**WHAT YOU ARE ASKED TO DO**
What are the lines from the top of the entries below through the line containing "Step 2. Take"? Return them exactly, both ends included, without the pictures.

**RECORDS**
★ ★ ★

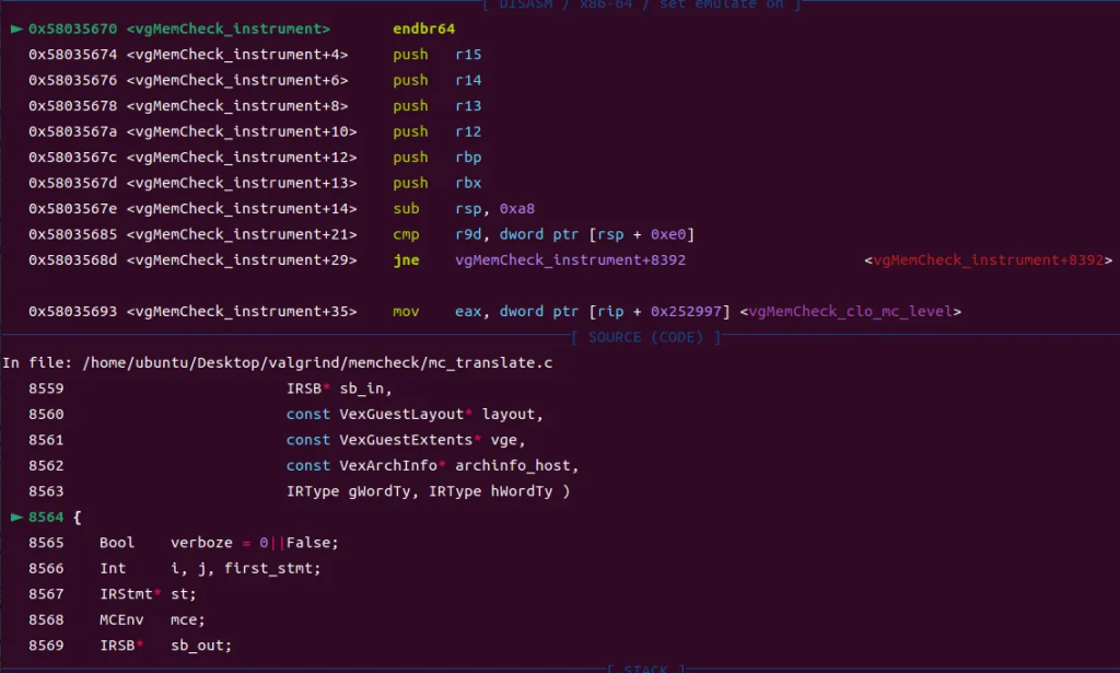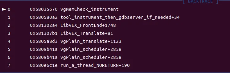 - memcheck/mc_translate.c:MC_(instrument):valgrind_main.isra→ run_a_thread_NORETURN+190→[vgPlain_scheduler+2858→vgPlain_scheduler+2858] or [vgPlain_scheduler+1662→handle_chain_me+171]→LibVEX_Translate+81→ LibVEX_FrontEnd+1748→tool_instrument_then_gdbserver_if_needed+34→ vgMemCheck_instrument
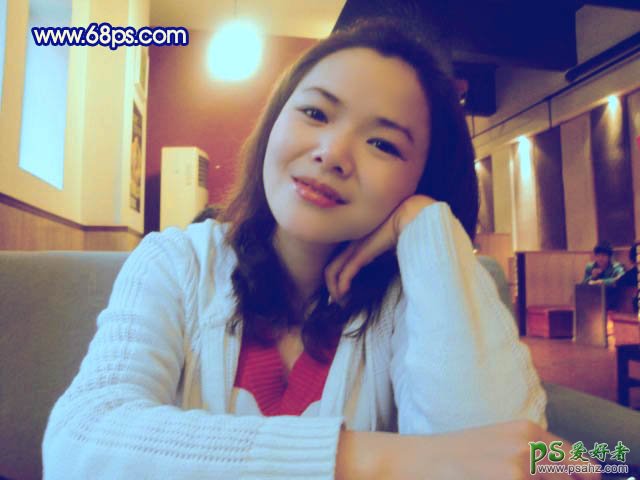 PS美女照片调色实例教程,利用PS给幸福的手机MM照片调出柔美的淡蓝色,本教程介绍室内人物照片的简单调色方法。调色之前需要简单的给人物磨片及降噪处理。然后用调色工具把人物脸部及衣服的高光部分加上一些淡淡的蓝色或其他色调,这样感觉有种灯光照射
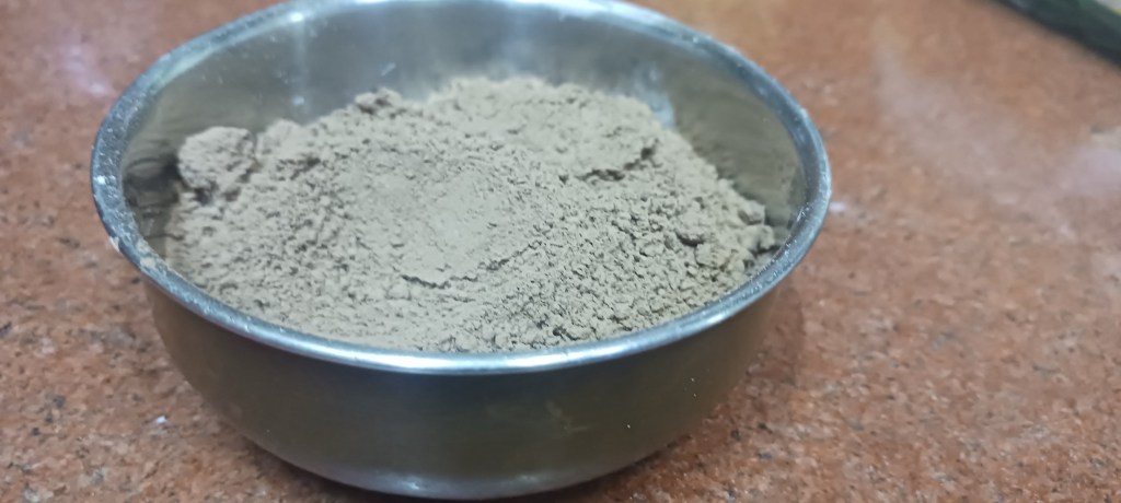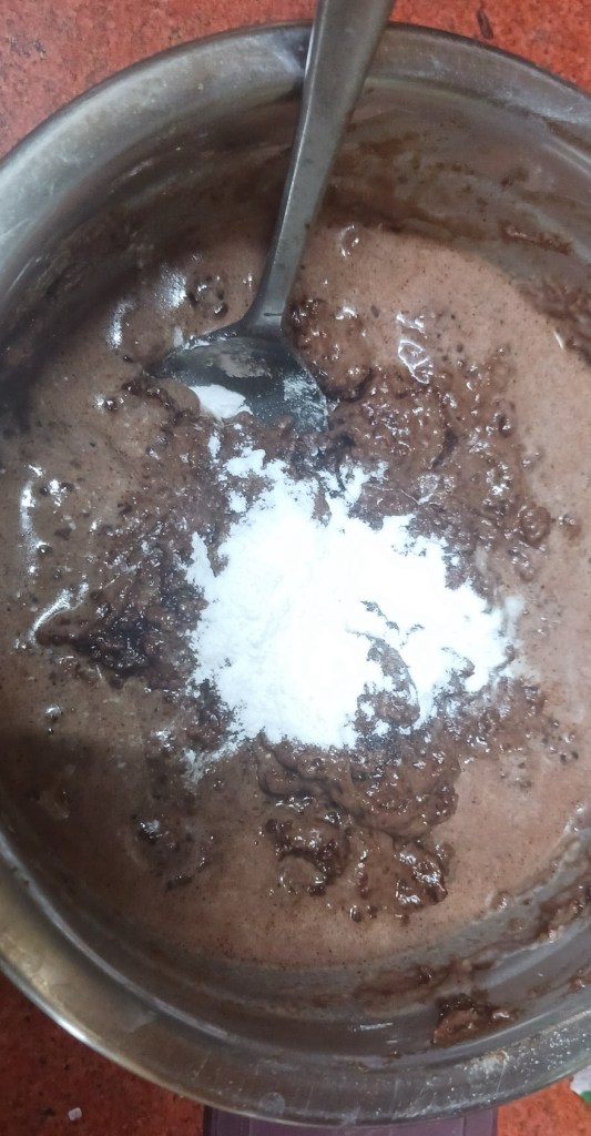 Step 2. Take 3 tablespoons of cocoa powder, that’s half the bowl you shall choose for measuring.
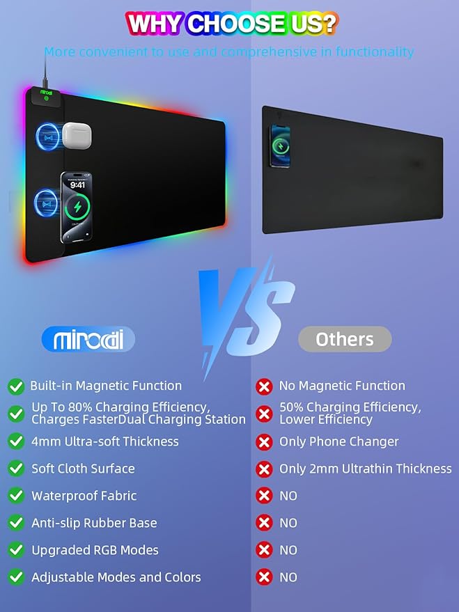 - Special Feature : Dual Wireless Charging Station, Magnetic Charging Mouse Pad, Massive, Premium Surface & Base, Newest RGB Lighting & One-Touch Control, Odor-Resistant, Fade-Resistant, Heat-Resistant, Stain-Resistant, Scratch-Resistant, Anti-Fray, Waterproof, Non-slip, Smooth Surface Dual Wireless Charging Station, Magnetic Charging Mouse Pad, Massive, Premium Surface & Base, Newest RGB Lighting & One-Touch Control, Odor-Resistant, Fade-Resistant, Heat-Resistant, Stain-Resistant, Scratch-Resistan… See more
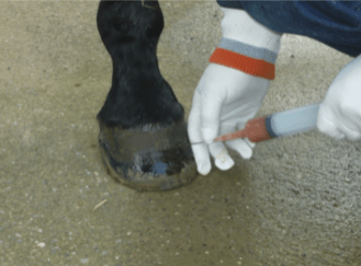 APPLICARE, tramite pennello, un leggero strato lungo la muraglia, dalla corona sino alla punta, passando per suola, fettone e glomi, aiuterà a creare un ambiente protetto riducendo le possibilità che la patologia tarlo si manifesti in quanto l'azione biocida sarà enfatizzata.
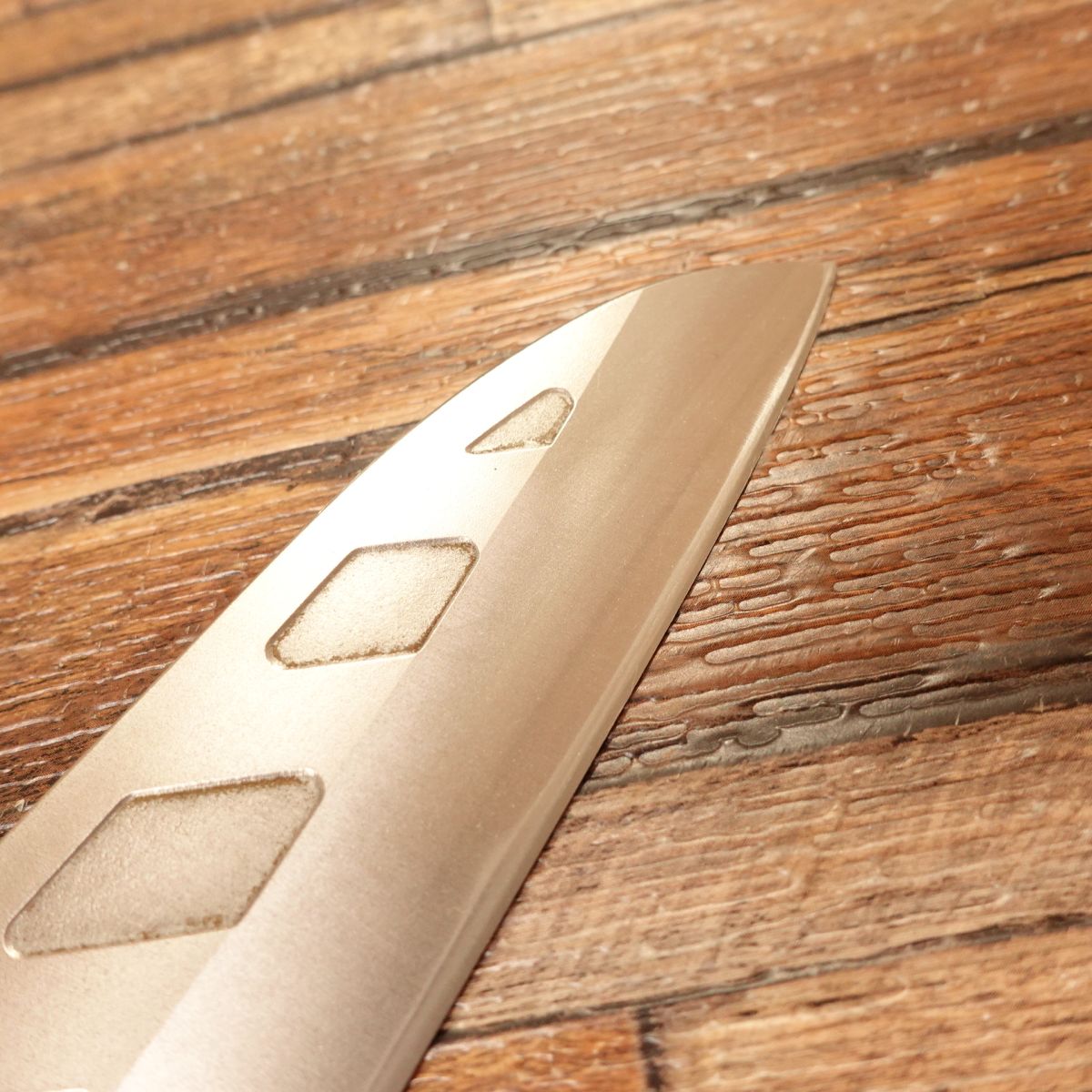 This is a Titan21 santoku knife. The santoku is a convenient all-purpose knife for daily cooking, handling meat, fish, and vegetables. Made from a titanium hybrid alloy, this knife is not just rust-resistant but effectively rust-free. It is very thin and light, making it extremely easy to maneuver.

★ ★ ★

**FINISHED EXERCISE**
 - memcheck/mc_translate.c:MC_(instrument):valgrind_main.isra→ run_a_thread_NORETURN+190→[vgPlain_scheduler+2858→vgPlain_scheduler+2858] or [vgPlain_scheduler+1662→handle_chain_me+171]→LibVEX_Translate+81→ LibVEX_FrontEnd+1748→tool_instrument_then_gdbserver_if_needed+34→ vgMemCheck_instrument
 PS美女照片调色实例教程,利用PS给幸福的手机MM照片调出柔美的淡蓝色,本教程介绍室内人物照片的简单调色方法。调色之前需要简单的给人物磨片及降噪处理。然后用调色工具把人物脸部及衣服的高光部分加上一些淡淡的蓝色或其他色调,这样感觉有种灯光照射
 Step 2. Take 3 tablespoons of cocoa powder, that’s half the bowl you shall choose for measuring.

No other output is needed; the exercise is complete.